__WHAT YOU WILL DO__
From the line containing "如果显示如下页面表示您没有抢" to the line containing "tekstylna podszewka: tak" in the records below, set down every line exactly as it stands, both ends included, and skip the pictures.

__INPUT MATERIAL__
[Start of section]

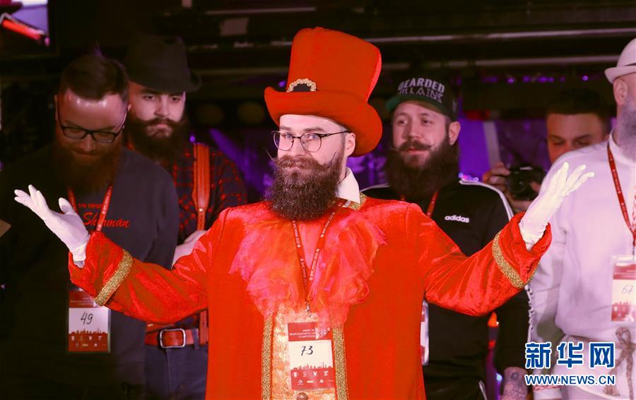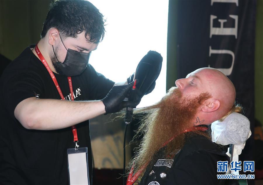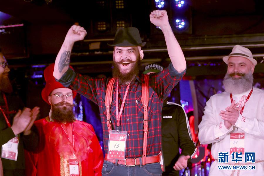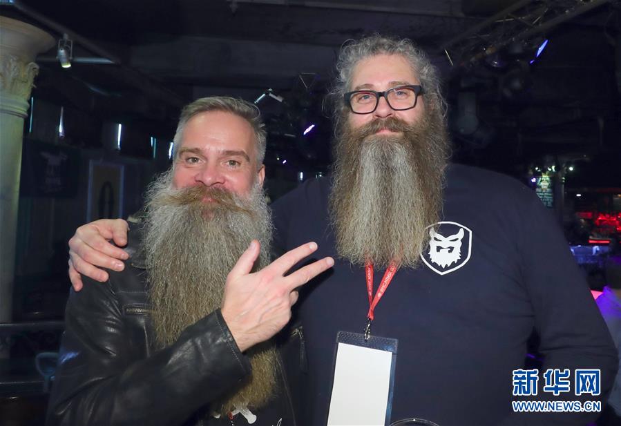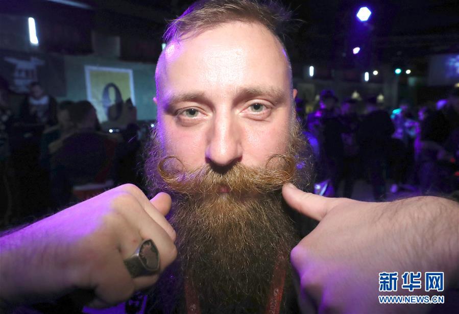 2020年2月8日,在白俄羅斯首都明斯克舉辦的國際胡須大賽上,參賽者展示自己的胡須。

[End of section]
[Start of section]

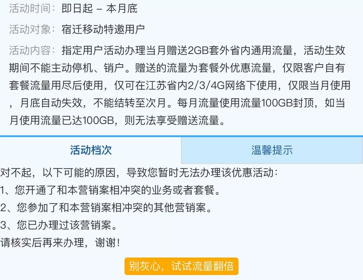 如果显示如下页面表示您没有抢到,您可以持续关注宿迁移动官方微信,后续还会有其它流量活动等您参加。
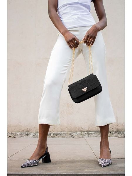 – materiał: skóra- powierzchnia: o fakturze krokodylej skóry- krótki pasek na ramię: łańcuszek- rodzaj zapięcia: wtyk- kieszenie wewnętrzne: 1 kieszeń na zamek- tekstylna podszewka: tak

[End of section]

__YOUR SOLUTION__
 如果显示如下页面表示您没有抢到,您可以持续关注宿迁移动官方微信,后续还会有其它流量活动等您参加。
 – materiał: skóra- powierzchnia: o fakturze krokodylej skóry- krótki pasek na ramię: łańcuszek- rodzaj zapięcia: wtyk- kieszenie wewnętrzne: 1 kieszeń na zamek- tekstylna podszewka: tak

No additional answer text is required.